Plus tard

Personne ne le savait dans les îles
mais cette année-là deux univers
côte à côte séparés par un bras de mer
se découvrent par-dessus les années

l’élan semble irrésistible
mais ils n’ont pas dépassé
les îles la côte effleurée
pas au-delà
la même ignorance
se dresse aménage
méthodiquement son règne
un à un les derniers
lointains s’inclinent

Jean Prod’hom

Dimanche 17 janvier 2010

Qui fait passer un peu d’éternité d’une respiration à l’autre assure sa survie. Plus pourquoi pas, mais en usant de ce dont on dispose presque rien. Peut-on sérieusement aller au-delà d’un bout de journée sans étouffer ?
On m’a raconté les limites, j’ai lu quelques épopées qui ont donné du tempo à ce qui en manquait. Mais je me souviens surtout des comptines, des chansons qui reviennent, des jours et des nuits, du soleil à l’est, des promesse qu’on tient et du couchant. Vendeurs de camelote, courtisans passez votre chemin, allez respirer. Tu n’es pour quiconque d’aucun secours. Et si tu ne veux pas de mon indigence, va, je n’ai rien d’autre à t’offrir que d’être à tes côtés lorsqu’à l’aube ce quelque chose qui ne manque pas d’être là et qui m’effraie est là.

Jean Prod’hom

L'autre voie

Ne doit-on pas s’inquiéter de cette habitude tenace qui a attaché le gros de notre esprit au secret des mouvements qui font tourner la grande noria, à leur chiffre et à leurs résultats ?

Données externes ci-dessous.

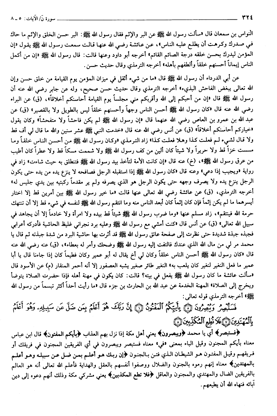 عن أبي الدرداء أن رسول الله صلّى الله عليه وسلّم قال «ما من شيء أثقل في ميزان المؤمن يوم القيامة من خلق حسن وإن الله تعالى يبغض الفاحش البذيء» أخرجه الترمذي وقال حديث حسن صحيح، وله عن جابر رضي الله عنه أن رسول الله صلّى الله عليه وسلّم قال «إن من أحبكم إلى الله وأقربكم مني مجلسا يوم القيامة أحاسنكم أخلاقا»، (ق) عن البراء رضي الله عنه قال «كان رسول الله صلّى الله عليه وسلّم أحسن الناس وجها وأحسنهم خلقا ليس بالطويل ولا بالقصير» (ق) عن عبد الله بن عمرو بن العاص رضي الله عنهما قال «إن رسول الله صلّى الله عليه وسلّم لم يكن فاحشا ولا متفحشا» وكان يقول «خياركم أحاسنكم أخلاقا» (ق) عن أنس رضي الله عنه قال «خدمت النبي صلّى الله عليه وسلّم عشر سنين والله ما قال لي أف قط ولا قال لشيء لم فعلت كذا وهلا فعلت كذا» زاد الترمذي «وكان رسول الله صلّى الله عليه وسلّم من أحسن الناس خلقا وما مسست خزا قط ولا حريرا ولا شيئا كان ألين من كف رسول الله صلّى الله عليه وسلّم ولا شممت مسكا قط ولا عطرا كان أطيب من عرق رسول الله صلّى الله عليه وسلّم»، (خ) عنه قال «إن كانت الأمة لتأخذ بيد رسول الله صلّى الله عليه وسلّم فتنطلق به حيث شاءت» زاد في رواية «ويجيب إذا دعي» وعنه قال «كان رسول الله صلّى الله عليه وسلّم إذا استقبله الرجل فصافحه لا ينزع يده من يده حتى يكون الرجل ينزع يده ولا يصرف وجهه حتى يكون الرجل هو الذي يصرفه ولم ير مقدما ركبتيه بين يدي جليس له» أخرجه الترمذي، (ق) عن عائشة رضي الله تعالى عنها قالت «ما خير رسول الله صلّى الله عليه وسلّم بين أمرين قط إلا اختار أيسرهما ما لم يكن إثما فإن كان إثما كان أبعد الناس منه وما انتقم رسول الله صلّى الله عليه وسلّم لنفسه في شيء قط إلا أن تنتهك حرمة الله فينتقم»، زاد مسلم عنها «وما ضرب رسول الله صلّى الله عليه وسلّم شيئا قط بيده ولا امرأة ولا خادما إلا أن يجاهد في سبيل الله تعالى» (ق) عن أنس قال «كنت أمشي مع رسول الله صلّى الله عليه وسلّم وعليه برد نجراني غليظ الحاشية فأدركه أعرابي فجبذه جبذة شديدة حتى نظرت إلى صفحة عاتق رسول الله صلّى الله عليه وسلّم قد أثرت بها حاشية البرد من شدة جبذته ثم قال يا محمد مر لي من مال الله الذي عندك فالتفت إليه رسول الله صلّى الله عليه وسلّم وضحك وأمر له بعطاء»، (ق) عنه رضي الله عنه قال «كان رسول الله صلّى الله عليه وسلّم أحسن الناس خلقا وكان لي أخ يقال له أبو عمير وكان فطيما كان إذا جاءنا قال يا أبا عمير ما فعل النغير لنغير كان يلعب به» النغير طائر صغير يشبه العصفور إلا أنه أحمر المنقار (م) عن الأسود قال «سألت عائشة ما كان رسول الله صلّى الله عليه وسلّم يفعل في بيته؟ قالت: كان يكون في مهنة أهله فإذا حضرت الصلاة يتوضأ ويخرج إلى الصلاة» المهنة الخدمة عن عبد الله بن الحارث بن جزء قال «ما رأيت أحدا أكثر تبسما من رسول الله صلّى الله عليه وسلّم» أخرجه الترمذي قوله تعالى: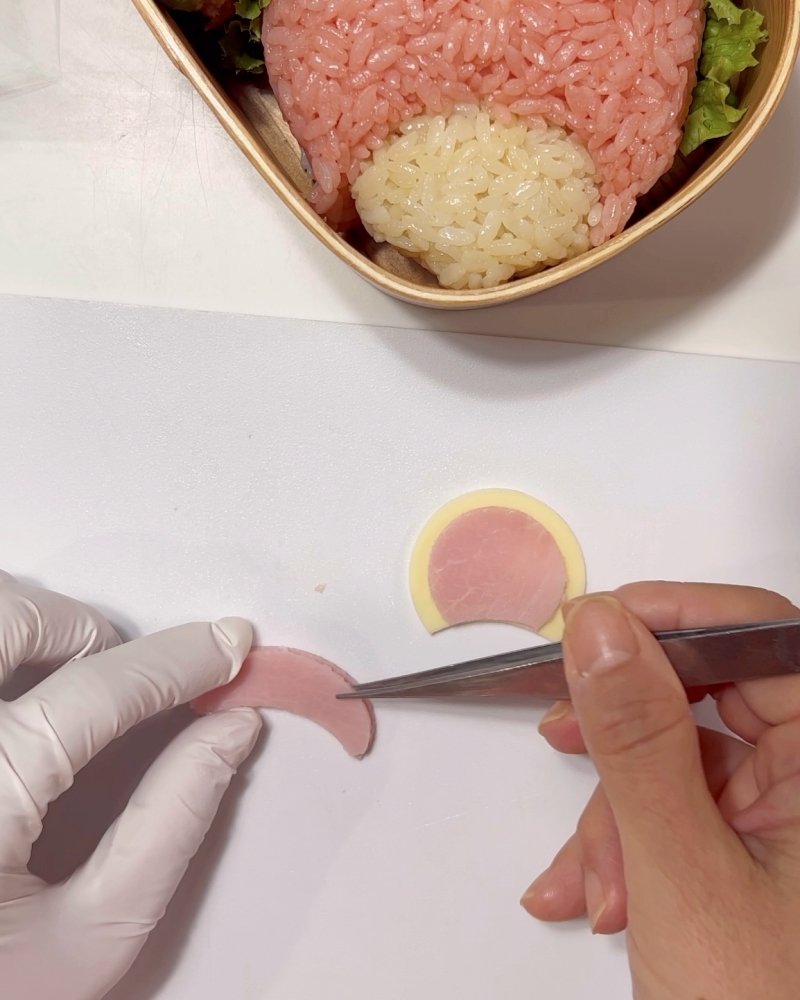 4.ハムを型で抜き、帽子のマーク部分とつばの部分を作る。

Tu t’inquiètes toi-même de te retrouver à la fin du jour, insatisfait au milieu d’eux, à l’affût de la porte qui ouvrirait sur un pays d’essence plus haute, que ta précipitation éloigne et te fait manquer. Tu te débats pour obtenir un peu de vide dans ce trop plein, histoire de respirer, c’est peine perdue.
Faudra-t-il que tu acceptes encore la mainmise de ce que nous appelions faute de mieux le romanesque, qui nous éloigne non seulement de cet autre pays mais aussi du vieux pays qui invitait ses habitants à n’être qu’un presque rien s’ajoutant au presque rien, sans contrepartie, au milieu des morceaux d’un paysage incompréhensible que le mouvement de leurs paupières découpait ? Ils allaient presque immobiles dans l’à peine mobile, faseyant, déroulant sous leurs pieds les pièces du monde comme dans un film muet, un film aux raccords mal faufilés.
Oui, car c’est là qu’il fait bon vivre, loin des plaintes et des espérances, des courtisans et des complaisances. Souviens-toi d’Olympie, lorsque les athlètes s’en vont le stade est désert, croissent en bout de piste, derrière le talus, des ronciers et des chênes verts, ils annulent le récit de tous ces récits qui ne mènent nulle part, sinon au regret de ne pas avoir un jour emprunté au carrefour l’autre chemin.